Index together with the table: CREATE TABLE customer (id INT (10) UNSIGNED AUTO_INCREMENT, customer_no VARCHAR, customer_name VARCHAR, PRIMARY KEY (id), KEY (customer_name)); separate index: CREATE INDEX idx_customer_name ON customer (customer_name); deleted index: DROP INDEX idx_customer_name ON customer;2.2.3.2 unique index

The value of the index column must be unique, but can be empty

Index with the table: CREATE TABLE customer (id INT (10) UNSIGNED AUTO_INCREMENT, customer_no VARCHAR, customer_name VARCHAR, PRIMARY KEY (id), KEY (customer_name), UNIQUE (customer_no)); unique index separately: CREATE UNIQUE INDEX idx_customer_no ON customer (customer_no); deleted index: DROP INDEX idx_customer_no ON customer;2.2.3.3 primary key index

Automatically create a primary key index when it is set as the primary key

Index with the table: CREATE TABLE customer (id INT (10) UNSIGNED AUTO_INCREMENT, customer_no VARCHAR (200), customer_name VARCHAR (200), PRIMARY KEY (id)); separate primary key index: ALTER TABLE customer ADD PRIMARY KEY customer (customer_no); delete primary key index: ALTER TABLE customer DROP PRIMARY KEY Modify and build primary key index: you must first delete (DROP) the original index, and then create a new (ADD) index 2.2.3.4 composite index.

An index contains a single column

Index together with the table: CREATE TABLE customer (id INT (10) UNSIGNED AUTO_INCREMENT, customer_no VARCHAR, customer_name VARCHAR, PRIMARY KEY (id), KEY (customer_name), UNIQUE (customer_name), KEY (customer_no, customer_name); separate index: CREATE INDEX idx_no_name ON customer (customer_no, customer_name); delete index: DROP INDEX idx_no_name ON customer 2.2.4 timing of index creation

What are the situations that require index creation?

Fields in which primary keys automatically create unique indexes frequently as query conditions should create fields associated with other tables in index queries. Foreign key relations establish fields that are more cost-effective than single-valued indexes in combinatorial indexes. sorting fields if accessed through the index will greatly improve the sorting speed of statistical or grouping fields in the query.

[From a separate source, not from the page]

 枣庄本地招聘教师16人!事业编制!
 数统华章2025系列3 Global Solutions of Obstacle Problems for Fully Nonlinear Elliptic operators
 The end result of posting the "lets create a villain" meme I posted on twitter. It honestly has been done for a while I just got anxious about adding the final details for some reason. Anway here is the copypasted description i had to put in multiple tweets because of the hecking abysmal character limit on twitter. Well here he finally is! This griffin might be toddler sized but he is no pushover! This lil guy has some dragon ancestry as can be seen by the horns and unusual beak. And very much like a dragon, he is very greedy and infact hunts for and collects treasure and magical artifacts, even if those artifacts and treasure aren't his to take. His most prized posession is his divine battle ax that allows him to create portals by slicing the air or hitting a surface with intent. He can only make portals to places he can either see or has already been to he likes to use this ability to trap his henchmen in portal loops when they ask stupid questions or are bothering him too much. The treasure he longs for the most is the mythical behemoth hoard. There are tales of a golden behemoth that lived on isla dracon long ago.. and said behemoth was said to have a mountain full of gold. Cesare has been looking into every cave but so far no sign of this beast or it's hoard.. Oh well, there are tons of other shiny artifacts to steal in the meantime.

What are the situations that do not require index creation?

Table records too few frequently updated tables where conditions unused fields do not need to create indexes poorly filtered fields do not need to create index 2.3 performance analysis 2.3.1 EXPLAN

Use the EXPLAIN keyword to simulate the optimizer's execution of SQL query statements to know how MySQL handles SQL statements and to analyze performance bottlenecks in query statements or table structures.

The role of EXPLAN:

View the reading order of the table

See which indexes can be used

Operation type of data read operation

Which indexes are actually used

References between tables

Mode of use:

Explain + SQL

Explain SELECT * FROM t_emp A LEFT JOIN t_dept B ON A.deptId = B.id WHERE B.`id`IS NULL-> UNION-> SELECT * FROM t_emp A RIGHT JOIN t_dept B ON A.deptId = B.id WHERE A.`deptId` IS NULL;2.3.2 explain each field

Id:

The sequence number of a SELECT query that contains a set of numbers indicating the order in which the SELECT clause or action table is executed in the query

Same id: execution order from top to bottom

Id is different: if it is a subquery, the sequence number of id will be incremented. The higher the id value, the higher the priority, the first to be executed.

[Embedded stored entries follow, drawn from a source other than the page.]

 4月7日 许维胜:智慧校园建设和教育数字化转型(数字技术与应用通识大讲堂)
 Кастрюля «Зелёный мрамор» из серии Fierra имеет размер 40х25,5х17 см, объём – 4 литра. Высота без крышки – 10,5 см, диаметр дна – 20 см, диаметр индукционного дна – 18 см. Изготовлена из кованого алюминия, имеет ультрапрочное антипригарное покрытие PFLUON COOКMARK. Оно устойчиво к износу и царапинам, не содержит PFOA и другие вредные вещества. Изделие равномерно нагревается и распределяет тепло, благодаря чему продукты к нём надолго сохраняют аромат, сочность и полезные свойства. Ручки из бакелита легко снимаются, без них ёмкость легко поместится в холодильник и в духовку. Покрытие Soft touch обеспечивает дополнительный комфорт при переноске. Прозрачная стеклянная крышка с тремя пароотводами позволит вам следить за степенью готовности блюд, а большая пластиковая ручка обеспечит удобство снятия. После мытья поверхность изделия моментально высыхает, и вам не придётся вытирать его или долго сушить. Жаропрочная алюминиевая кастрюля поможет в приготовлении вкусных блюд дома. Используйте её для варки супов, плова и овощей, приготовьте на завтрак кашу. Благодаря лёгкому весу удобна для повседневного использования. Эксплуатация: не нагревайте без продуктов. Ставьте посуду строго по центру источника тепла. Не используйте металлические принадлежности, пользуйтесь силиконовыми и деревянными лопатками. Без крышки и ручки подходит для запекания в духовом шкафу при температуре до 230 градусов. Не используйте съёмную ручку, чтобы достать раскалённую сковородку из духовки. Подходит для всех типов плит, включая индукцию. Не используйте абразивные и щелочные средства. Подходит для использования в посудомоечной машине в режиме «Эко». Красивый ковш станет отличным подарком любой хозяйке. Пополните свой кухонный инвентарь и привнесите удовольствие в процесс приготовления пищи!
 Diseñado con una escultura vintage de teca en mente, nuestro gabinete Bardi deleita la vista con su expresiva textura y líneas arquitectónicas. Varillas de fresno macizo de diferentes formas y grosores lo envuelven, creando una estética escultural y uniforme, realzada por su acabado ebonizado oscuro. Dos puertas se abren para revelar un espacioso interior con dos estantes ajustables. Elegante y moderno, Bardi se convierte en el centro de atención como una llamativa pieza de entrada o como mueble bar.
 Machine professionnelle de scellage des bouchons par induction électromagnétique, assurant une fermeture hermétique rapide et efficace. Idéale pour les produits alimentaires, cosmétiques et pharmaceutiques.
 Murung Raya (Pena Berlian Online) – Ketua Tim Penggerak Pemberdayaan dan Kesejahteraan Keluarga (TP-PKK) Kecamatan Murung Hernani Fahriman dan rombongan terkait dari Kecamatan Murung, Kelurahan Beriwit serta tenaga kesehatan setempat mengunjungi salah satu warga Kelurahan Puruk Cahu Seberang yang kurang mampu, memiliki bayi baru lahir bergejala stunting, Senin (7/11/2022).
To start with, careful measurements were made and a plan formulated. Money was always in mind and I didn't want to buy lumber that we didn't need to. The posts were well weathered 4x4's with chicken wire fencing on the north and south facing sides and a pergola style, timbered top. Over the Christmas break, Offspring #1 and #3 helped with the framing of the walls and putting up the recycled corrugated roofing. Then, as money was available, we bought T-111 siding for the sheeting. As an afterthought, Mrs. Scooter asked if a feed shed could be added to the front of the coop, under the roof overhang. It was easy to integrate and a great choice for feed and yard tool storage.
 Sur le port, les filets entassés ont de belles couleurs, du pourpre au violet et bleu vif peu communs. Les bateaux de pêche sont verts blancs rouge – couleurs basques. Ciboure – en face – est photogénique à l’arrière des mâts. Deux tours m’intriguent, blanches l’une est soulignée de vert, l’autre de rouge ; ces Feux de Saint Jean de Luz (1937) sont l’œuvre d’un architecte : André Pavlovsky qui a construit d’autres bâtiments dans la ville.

The same id is different, but it exists at the same time: if the id is the same, it can be considered as a group, which is executed sequentially from top to bottom. In all groups, the higher the id value, the higher the priority and the first execution.

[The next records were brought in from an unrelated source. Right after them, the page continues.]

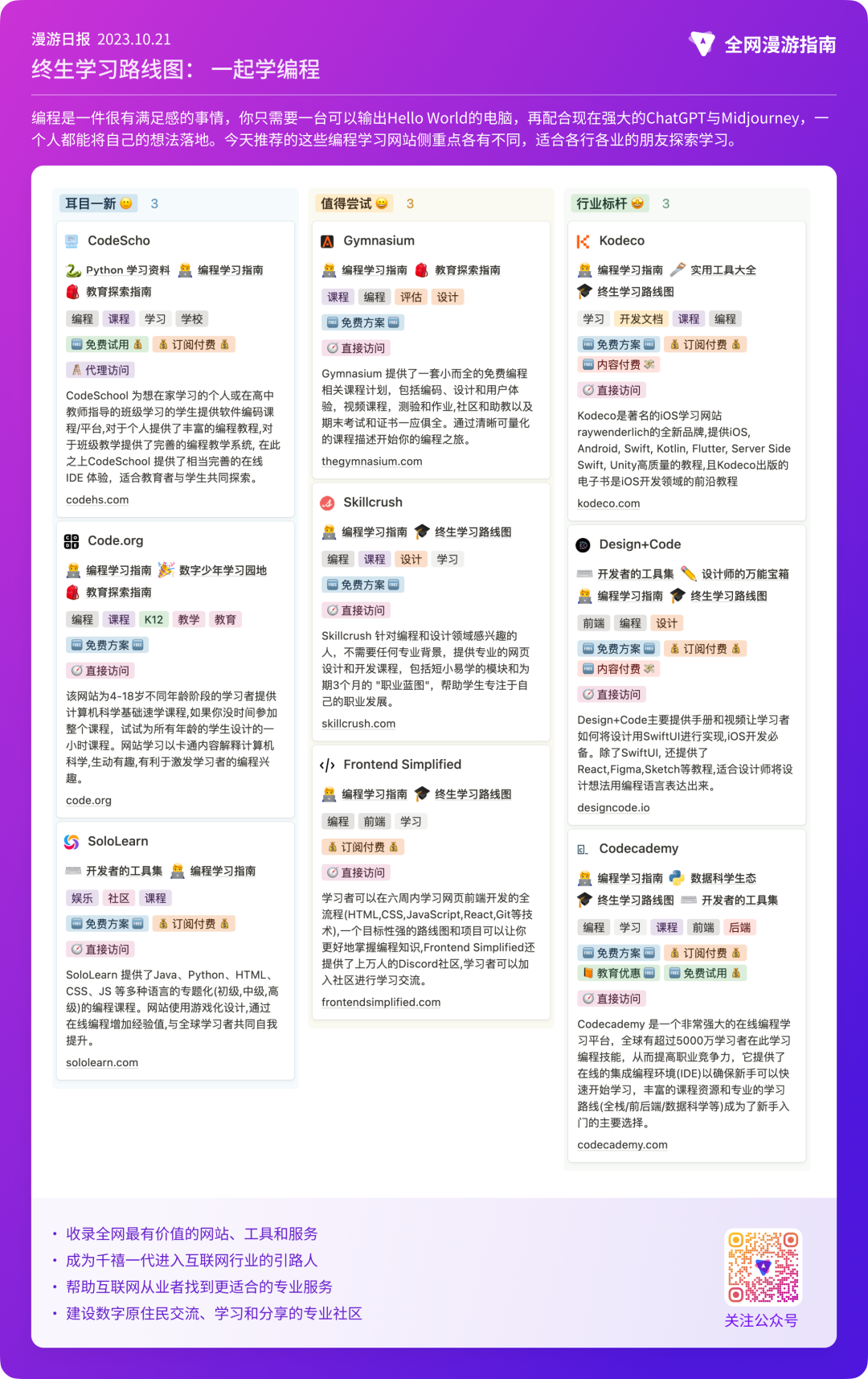 编程是一件很有满足感的事情,你只需要一台可以输出Hello World的电脑,再配合现在强大的ChatGPT与Midjourney,一个人都能将自己的想法落地。今天推荐的这些编程学习网站侧重点各有不同,适合各行各业的朋友探索学习。
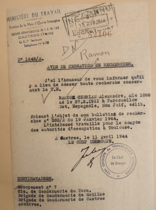 En el mismo libro, en la página 44, también aparece Alejandro Ramón Cebrián (de profesión agricultor) como exiliado en Gaillac, Francia.
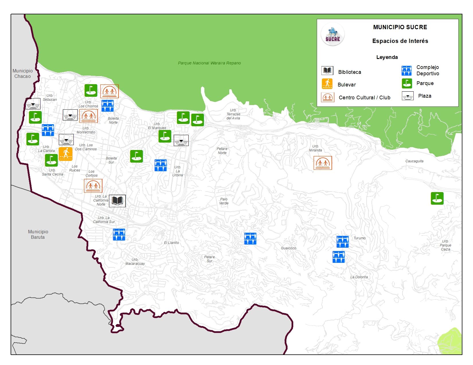 El municipio Sucre cuenta con equipamientos y espacios públicos que ofrecen una gama de actividades deportivas, recreativas y culturales de interés para los sucrenses y cualquier visitante del municipio.

Each id represents a separate query. The fewer queries per SQL, the better.

Select_type

The type of query is mainly used to distinguish between ordinary queries, federated queries, subqueries, etc.

SIMPLE: the simplest query, excluding UNION and subqueries

PRIMARY: if the query contains complex subsections, the outermost query is marked as PRIMARY

DERIVED: subqueries included in the FROM list are marked as DERIVED,MySQL. These subqueries are executed recursively, putting the results in a temporary table.

SUBQUERY: include subqueries in SELECT or WHERE lists

DEPENDENT SUB: include subqueries in SELECT or WHERE lists, which are based on outer layers

UNCACHEABLE SUBQUREY: subqueries whose result sets cannot be cached must be re-evaluated for each row of the outer query

UNION: if the second SELECT appears after UNION, it is marked as UNION

UNION RESULT: the SELECT that gets the result from the UNION table

Table

Show which table the data in this row is about

Type

Displays the types used by connections, sorted by the best to the worst

System: the table has only one row of records

Const: indicates that it is found once through the index. Const is used to compare primary key or unique indexes, because only one row of data is matched, so it is very fast.

If the primary key is placed in the where list, MySQL can convert the query to a constant

Eq_ref: unique index scan, for each index key, only one record in the table matches it, which is common in primary key or unique index scan

Ref: a non-unique index scan that returns all rows that match a single value, which is essentially an index access that returns all rows that match a single value. However, it may find multiple rows that match the criteria, so it should be a mixture of lookups and scans.

Range: only retrieve a given range of rows, use an index to select rows, and the key column shows which index is used. Generally, queries such as between, in, and so on appear in the where statement. This range scan index scan is better than a full table scan, because it only needs to start at a certain point of the index, while the conclusion point is not to scan all indexes.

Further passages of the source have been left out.